Computational Procedures of Different Search Methods (Steepest Descent, Conjugate Gradient, Newton's, and Quasi-Newton Methods)

Resource Overview

Learn the computational steps of various search algorithms (Steepest Descent, Conjugate Gradient, Newton's, and Quasi-Newton Methods) and compare their advantages and disadvantages with code implementation insights.

Detailed Documentation

This article introduces the computational procedures of different search algorithms including Steepest Descent, Conjugate Gradient, Newton's, and Quasi-Newton methods, along with a comparison of their respective advantages and disadvantages. The Steepest Descent method employs a simple gradient-based approach where each iteration moves in the direction opposite to the gradient, making it easy to implement but suffering from slow convergence rates. The Conjugate Gradient method utilizes orthogonal direction vectors to accelerate convergence, requiring specific conditions like quadratic functions for optimal performance.
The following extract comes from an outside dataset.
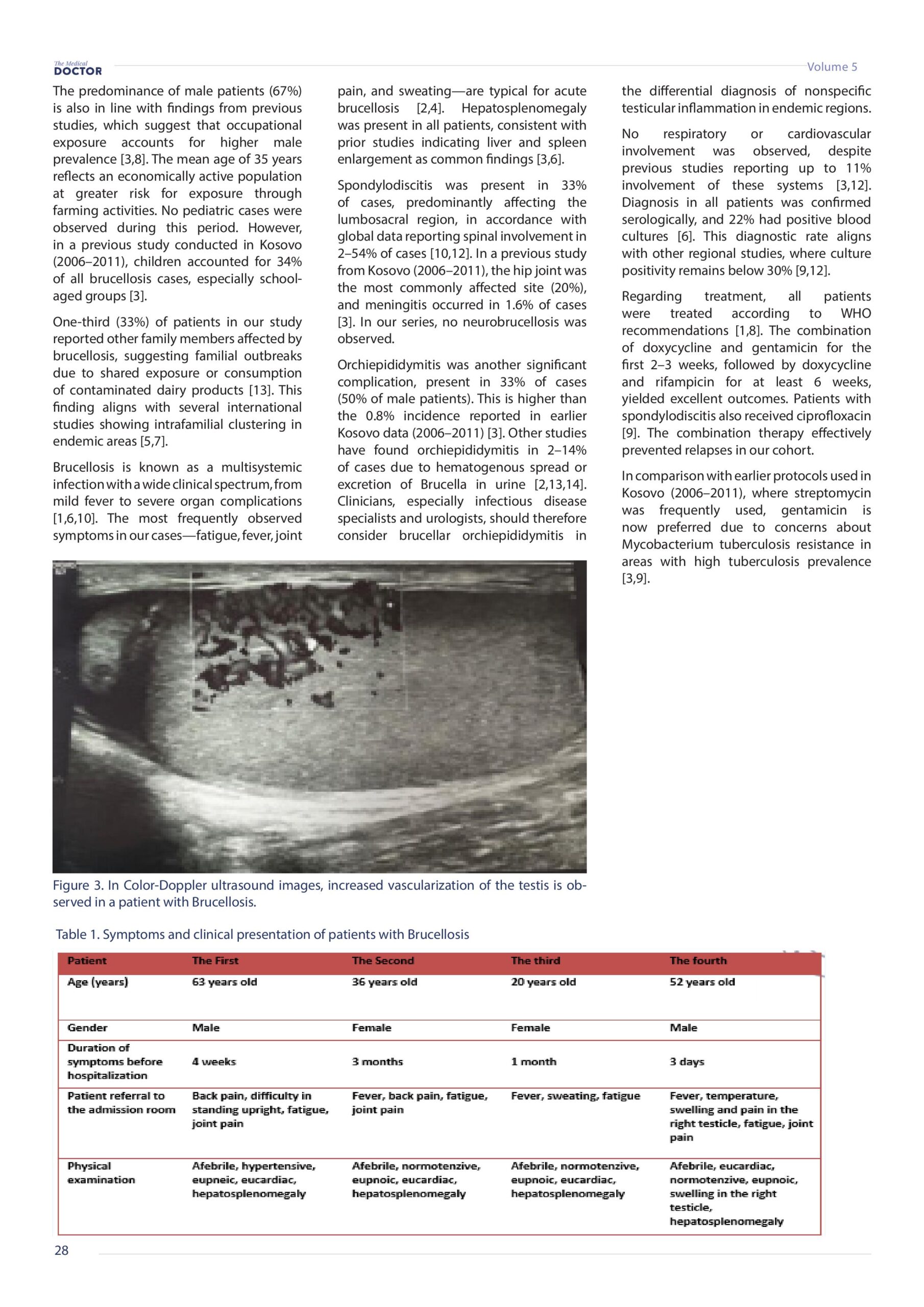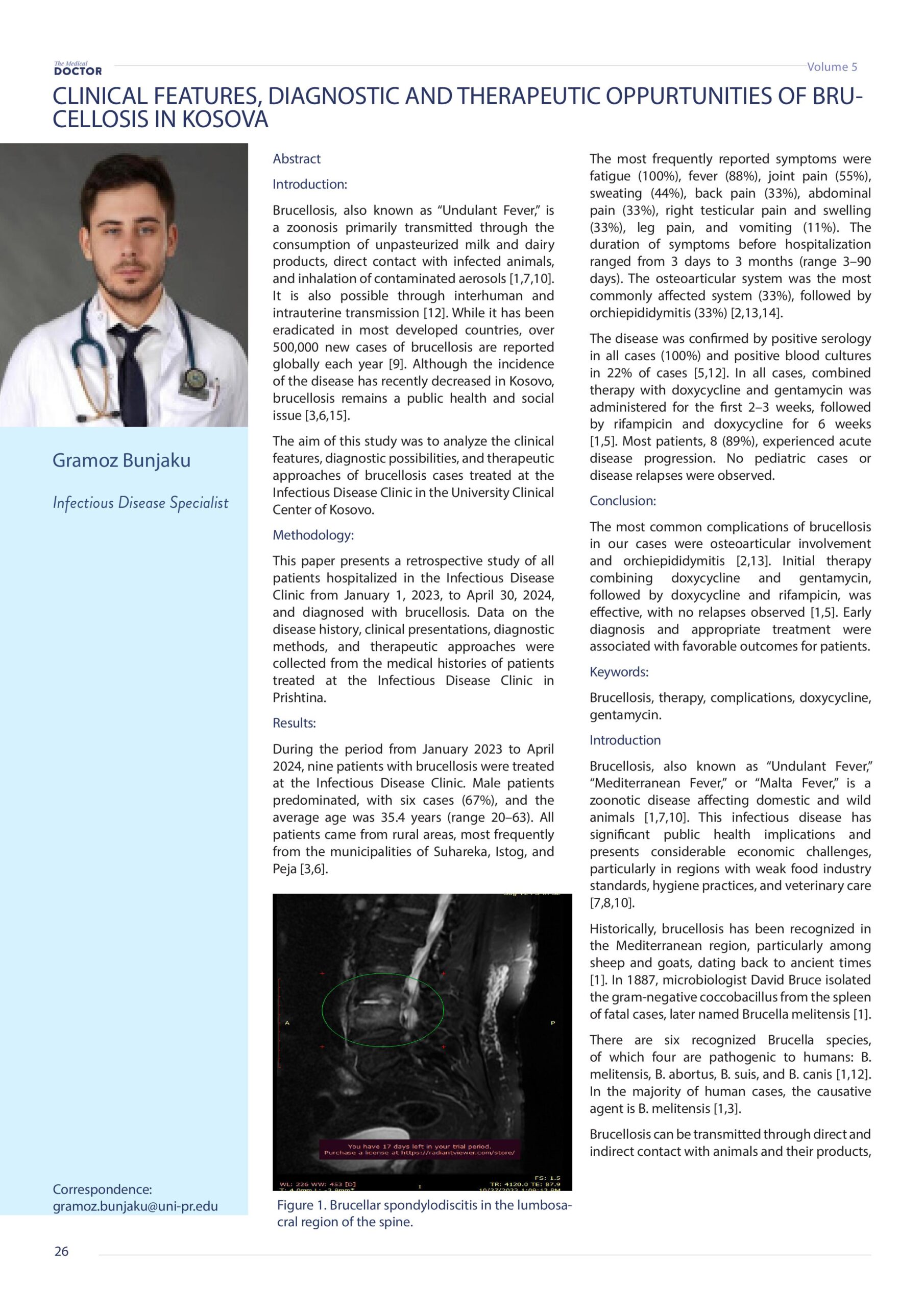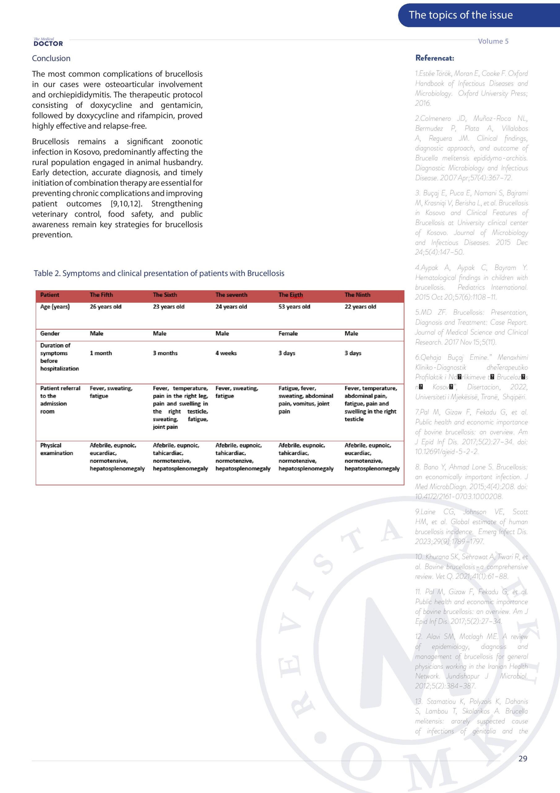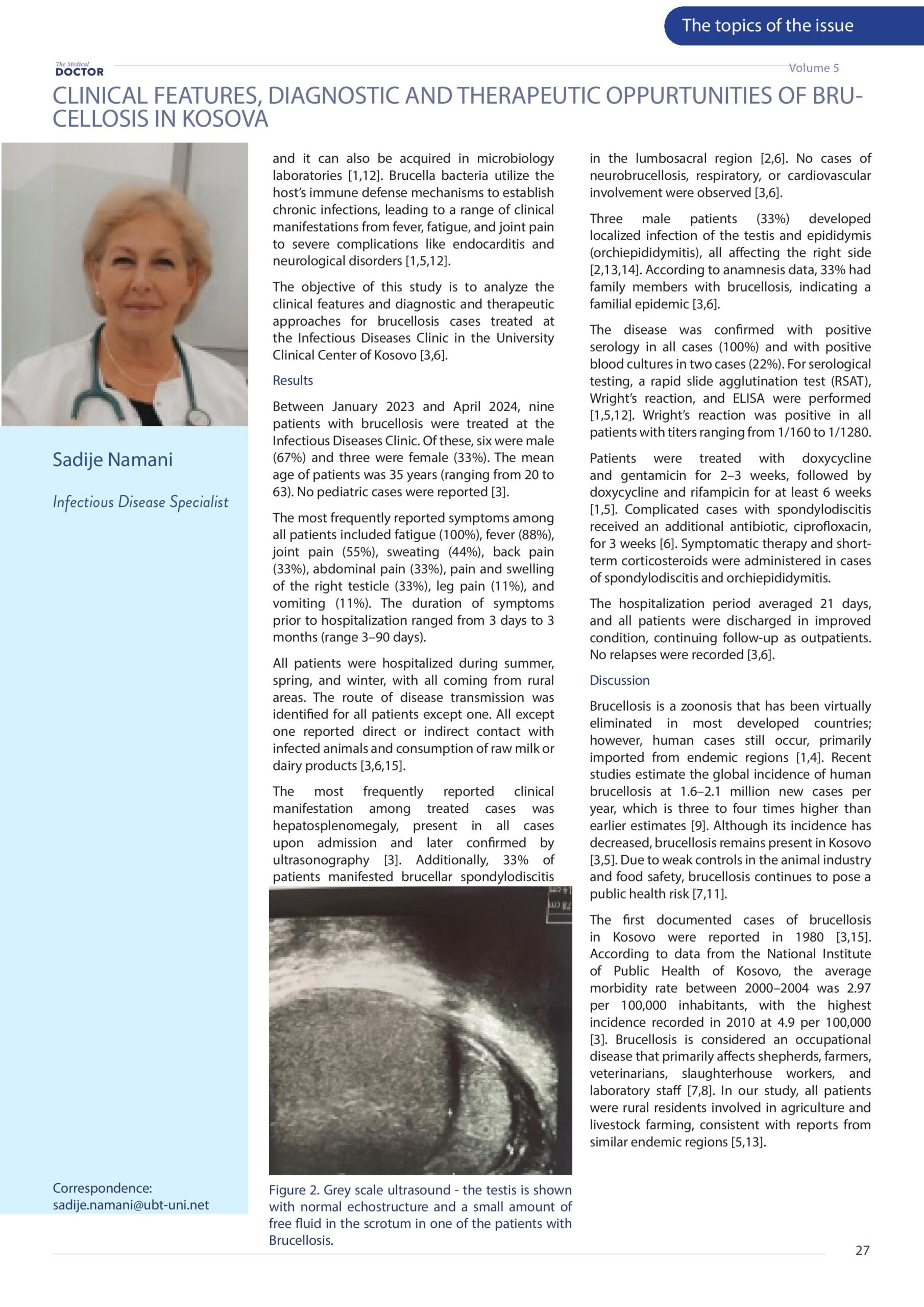 Revista Mjeku, Vëllimi 5, Numër 4, Suplementi shkencor; Clinical Features, diagnostic and therapeutic oppurtinities of brucellosis in Kosova, artikull nga Dr. Gramoz Bunjaku dhe Dr. Sadije Namani.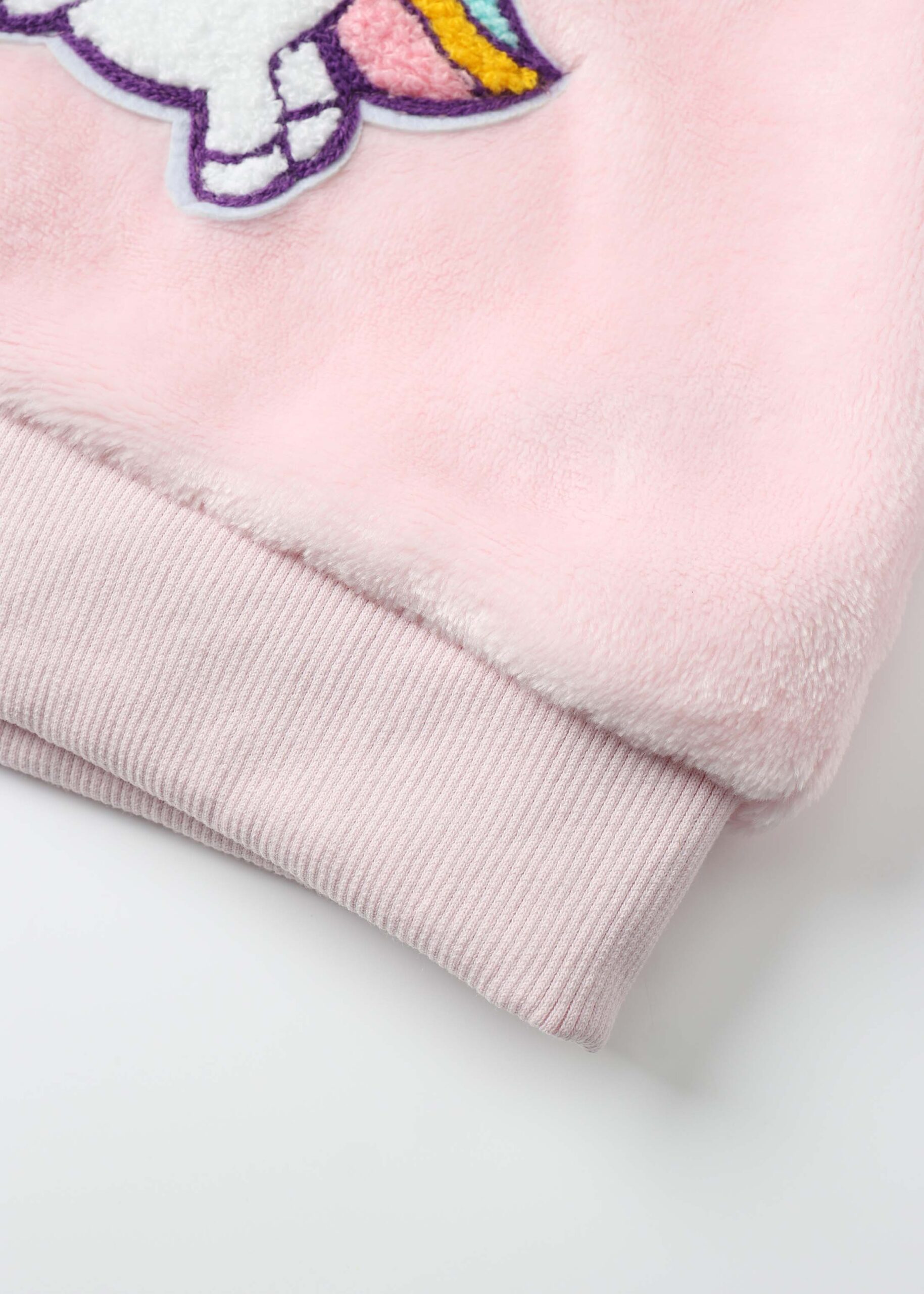Baby girl pajama, two-pieces, “Unicorn” printed, blouse, round neck, long sleeves, trouser, plain, elastic waist, elastic ankle, practical and comfortable

Newton's method achieves rapid quadratic convergence by leveraging second-order derivative information through Hessian matrix calculations, though this involves computational complexity. Quasi-Newton methods approximate the Hessian matrix using update formulas (like BFGS or DFP), eliminating direct Hessian computation while requiring careful selection and updating of the approximation matrix. Consequently, choosing appropriate search algorithms based on different application scenarios can better meet optimization requirements, with implementations typically involving gradient calculations, direction updates, and step size determination in iterative loops.